Watershed maps for each impaired waterbody are included in Appendix A-1.

Land Use

The land use in the TCMA is largely urban in the core of Minneapolis and St. Paul with a transition to rural and agricultural moving outward through the suburbs. This land use pattern can be seen in the Land Use in the TCMA map which is based on the NLCD from 2011, the most recent national land cover product. This data is based on 2011 Landsat satellite data. Road densities by watershed are presented in the Chloride Impairments and Road Density in the TCMA map based on road density information provided by the Minnesota Department of Transportation (MnDOT) and watershed catchments developed by Minnesota Department of Natural Resources (DNR). The NLCD also includes a layer for percent impervious (Xian et al., 2011 ). The impervious layer is comprised of 30m x 30m pixels each with a percent impervious value. The pixels for each drainage area are averaged to calculate a percent impervious for each impaired watershed.
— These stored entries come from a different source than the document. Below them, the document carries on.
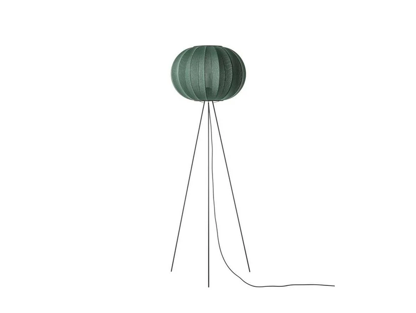 Knit-Wit 45 Round Gulvlampe Høj Tweed Green er en karakteristisk og dekorativ gulvlampe. Inspireret af rispapirlampen er lyskilden skjult og skinner ud gennem lampens enkle, men smukke skærm. I stedet for rispapir har man anvendt den århundreder gamle håndværk strikning til fremstilling af lampen. Lyset bliver fordelt gennem mønstrene i garnet og giver et behageligt og stemningsfuldt lys 360 grader ud i rummet. Som en kontrast til den bløde skærm har lampen tre sorte og helt tynde ben. Sammen giver det lampen et skandinavisk look med et elegant og stilfuldt udtryk.
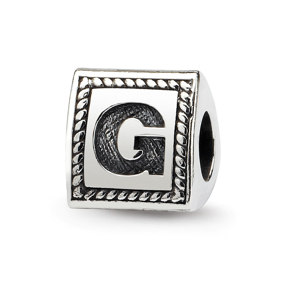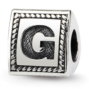 Letter G Triangle Block Charm Bead in Sterling Silver
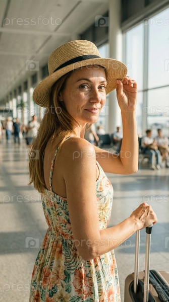 Женщина в летней шляпе, оглядываясь назад и улыбаясь на терминале аэропорта, путешественное удовольствие, приключение отпуска, ожидание поездки, стиль жизни аэропорта
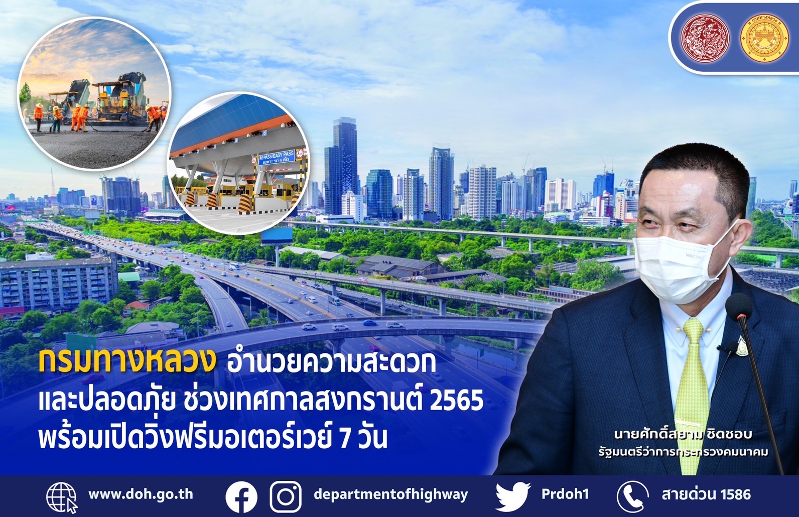 กรมทางหลวง อำนวยความสะดวกและปลอดภัยช่วงเทศกาลสงกรานต์ 2565 พร้อมเปิด วิ่งฟรีมอเตอร์เวย์ 7 วัน เพื่อรองรับการเดินทางของประชาชนสู่ภูมิภาคต่างๆ
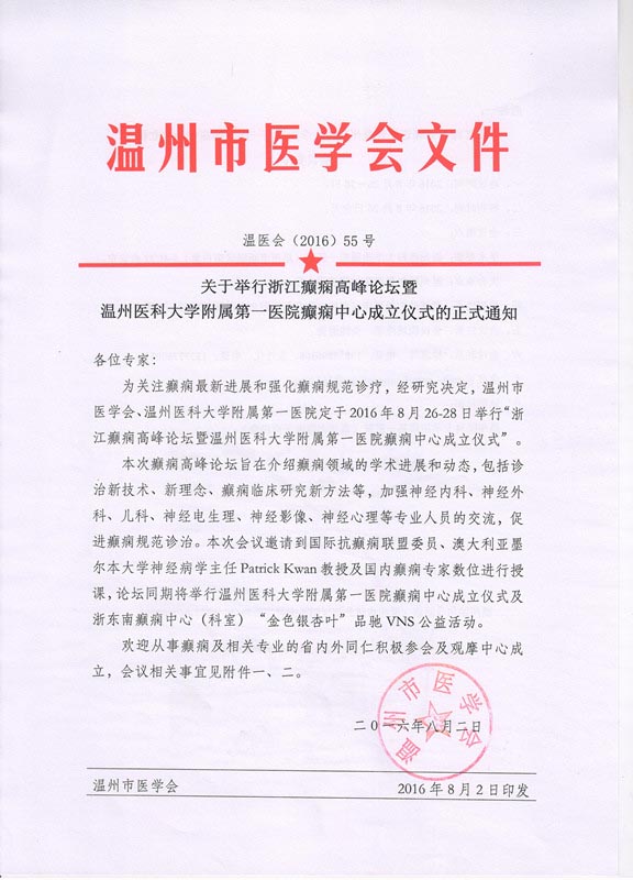 关于举行浙江癫痫高峰论坛暨温州医科大学附属第一医院癫痫中心成立仪式的正式通知
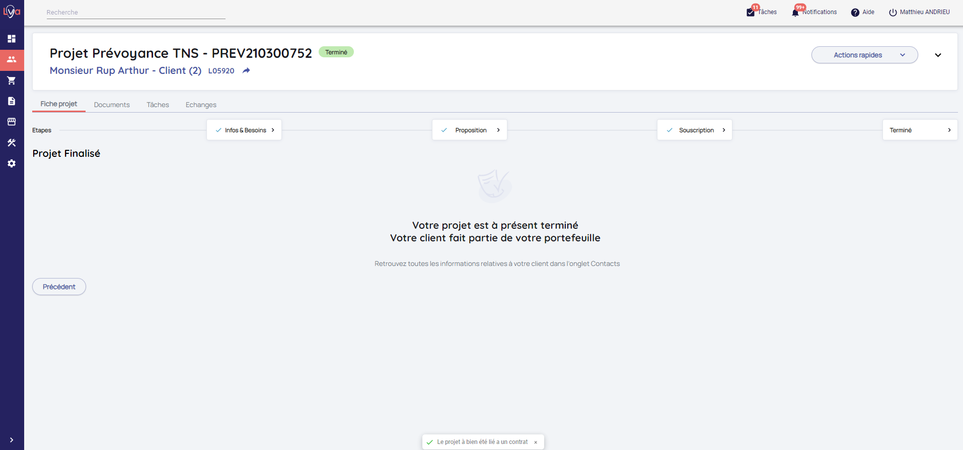 Votre projet est désormais transformé en Contrat disponible dans l'onglet Portefeuille.
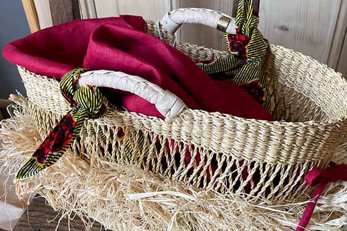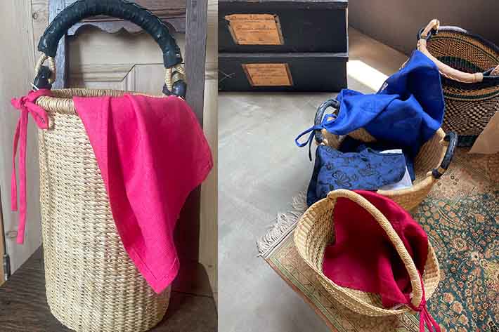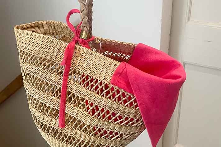 籠バックの目隠しに最適な薄手紐付きクロス
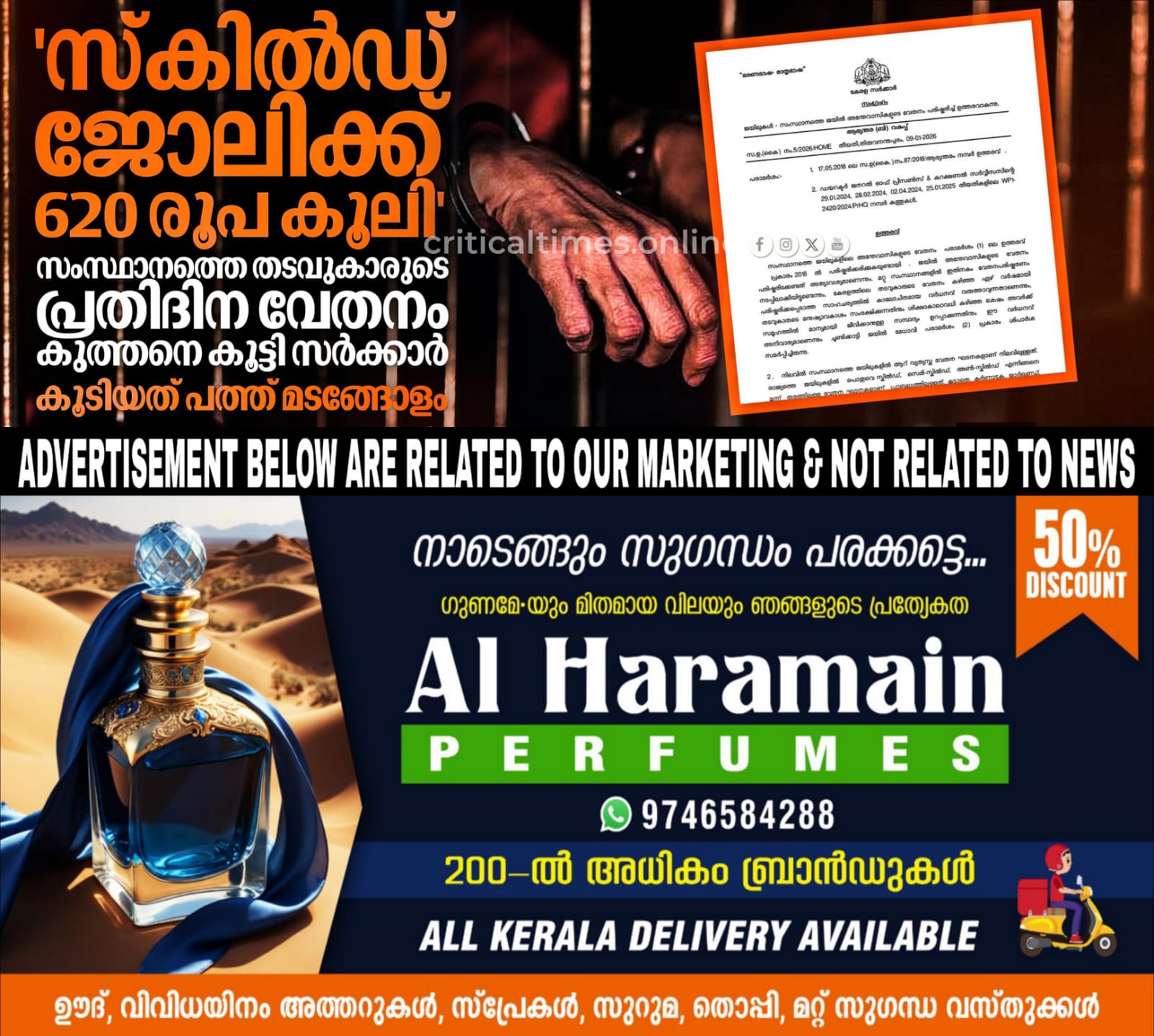 സംസ്ഥാനത്തെ ജയിലുകളിൽ കഴിയുന്ന തടവുപുള്ളികളുടെ കൂലി കുത്തനെ കൂട്ടി സർക്കാർ. പ്രതിദിന വേതനത്തിൽ പത്ത് മടങ്ങ് വരെയാണ് വർധന വരുത്തിയത്. സ്‌കിൽഡ് ജോലികളിൽ ഏർപ്പെടുന്നവർക്ക് 620 രൂപയായിരിക്കും പുതുക്കിയ വേതനം. സെമി സ്‌കിൽഡ് ജോലികളിൽ 560രൂപയും അൺ സ്‌കിൽഡ് ജോലികളിൽ 530 രൂപയുമാണ് പരിഷ്‌കരിച്ച തുക.

The percent impervious for the TCMA is shown in the Percent Impervious in the TCMA map below. Similar to the land use pattern, both road densities and percent impervious are shown to decline moving outward from the TCMA core through the suburbs. The percent impervious for each impaired watershed is listed above in the Impaired Lake and Wetland Characterization in the TCMA table and the Impaired Stream Characterization in the TCMA table.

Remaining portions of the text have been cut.